The ARCFOUR state is an array of 256 byte values. The key is the array generated from the passphrase plus the salt; the key_length is the length of this array. We have two worker values, that we will call A and B.

Set-up

Fill the State array with 256 values from 0 to 255 in ascending order. The first cell of the array will acquire the value of zero, the second cell the value of one etc; the last cell will hold the value of 255.

Initialize both A and B to zero.

The state array will now undergo 256 mixing operations. Use a variable called K to hold the number of the current operation. The first time the loop runs, K will equal zero; the second time through the loop K will equal one, etc.

To the variable B (whose initial value was zero but will now change) add the value of the Ath element of the key and the Kth element of state. (Remember that all additions must be performed modulo 256, unless a particular section states otherwise.)
Swap the values of the Kth element and the B th element of state - so if state[K] was 23 and state[B] was 42 before, after state[K] will be 42, snd state[B], 23.
Increment the value of A by one.
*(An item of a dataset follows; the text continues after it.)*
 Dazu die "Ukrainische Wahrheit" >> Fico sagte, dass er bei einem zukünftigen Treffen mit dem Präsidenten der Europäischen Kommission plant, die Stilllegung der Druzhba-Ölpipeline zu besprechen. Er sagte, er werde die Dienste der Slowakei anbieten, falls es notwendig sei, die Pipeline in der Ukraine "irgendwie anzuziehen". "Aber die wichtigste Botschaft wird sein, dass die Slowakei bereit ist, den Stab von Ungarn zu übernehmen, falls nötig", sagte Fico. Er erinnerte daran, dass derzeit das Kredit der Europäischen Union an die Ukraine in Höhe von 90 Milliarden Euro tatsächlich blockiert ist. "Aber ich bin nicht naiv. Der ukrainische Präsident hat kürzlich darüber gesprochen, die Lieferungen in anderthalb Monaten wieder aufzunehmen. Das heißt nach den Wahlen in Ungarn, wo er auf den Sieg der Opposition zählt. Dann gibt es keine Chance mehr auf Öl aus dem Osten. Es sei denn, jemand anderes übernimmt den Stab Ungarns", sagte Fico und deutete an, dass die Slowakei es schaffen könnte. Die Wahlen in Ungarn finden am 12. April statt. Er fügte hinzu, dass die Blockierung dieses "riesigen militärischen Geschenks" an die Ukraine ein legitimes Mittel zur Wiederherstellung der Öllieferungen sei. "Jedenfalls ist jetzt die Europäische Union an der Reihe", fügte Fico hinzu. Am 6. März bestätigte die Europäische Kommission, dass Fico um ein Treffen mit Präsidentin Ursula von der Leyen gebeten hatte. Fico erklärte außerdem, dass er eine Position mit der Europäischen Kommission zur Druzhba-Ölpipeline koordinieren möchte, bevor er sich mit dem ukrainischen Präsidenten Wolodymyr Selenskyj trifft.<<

If A is above key_length subtract key_length from A

When that is done, reset A and B to zero.

Generating the key stream

For each byte in the data to encrypt or decrypt do this

increment A by one (modulo 256, as always)
increment B by the value of the Ath element of state
Swap the values of the Ath element and the B th element of state
Generate our magic number for this time around as the sum of the Ath element and the B th element of state (you can do this before the swap if you want)
The next byte of the keystream is the magic number'th element of state
XOR that value and the input byte, and write it to the output

If you haven't an obvious XOR operator you need to do it manually like this

Extract the 128's place of the state value - it's 1 if the number is > 127, otherwise zero. If it's 1, subtract 128
Extract the 64's place - it's 1 if the number is now over 63, else zero. Subtract 64 if the it's 1.
Similarly extract the 32s, 16s, 8s, 4s, 2s and 1s places.
Do the same for the data value.
Compare the values, place by place. If they are the same the output value for the place is 0, otherwise 1.
Build up from 0 by adding 128 if the 128's place is 1, 64 if the 64's place is 1 and so forth.

Notes

The whole point of Ciphersaber is that it's a home-build program, using an algorithm that could fit as the slogan on a coffee mug, so I'm not going to supply source - if you have to, I'm sure Google will turn up an ARCFOUR implementation in your chosen language, but that spoils the fun.
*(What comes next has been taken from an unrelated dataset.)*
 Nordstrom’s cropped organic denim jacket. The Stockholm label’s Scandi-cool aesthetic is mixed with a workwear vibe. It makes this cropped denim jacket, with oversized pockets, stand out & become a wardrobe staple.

If you are new to programming, you can work up to implementing Ciphersaber in stages. Start with a program that just copies a file byte by byte; then one that adds or removes the 10 byte random header; finally perform the encryption or decryption.

Do take care with array indexing - it is so easy to be off-by-one; and since the whole point of encryption is to generate random output, it's hard to tell if you have the right random. Use Google to look for RC4 test vectors, and use the Cipehrsaber test messages.

Description of Ciphersaber version 2

CipherSaber-2 is a modification to Ciphersaber-1 that addresses concerns about weaknesses in RC4. In CipherSaber-2 the entire state array mixing loop is repeated N times, where N is a number that the sender and receiver agree upon. When N=1, CipherSaber-2 is the same as CipherSaber-1. Following the attack, using CipherSaber-2 in place of CipherSaber-1, with a value of N=20 or more is recommended.You should first implement CipherSaber-1 and verify that it works using the text vectors on the main CipherSaber page. It is then a simple matter to modify your program to do CipherSaber-2, and use the test message in the Ciphersaber FAQ to verify the implementation.

In our description above, simply run the loop of 256 mixing operations through N times, without resetting A and B until all N operations are done.

The value of N must be agreed by sender and receiver - it is not written to the file - otherwise the N=1 state would not be the same as Ciphersaber-1.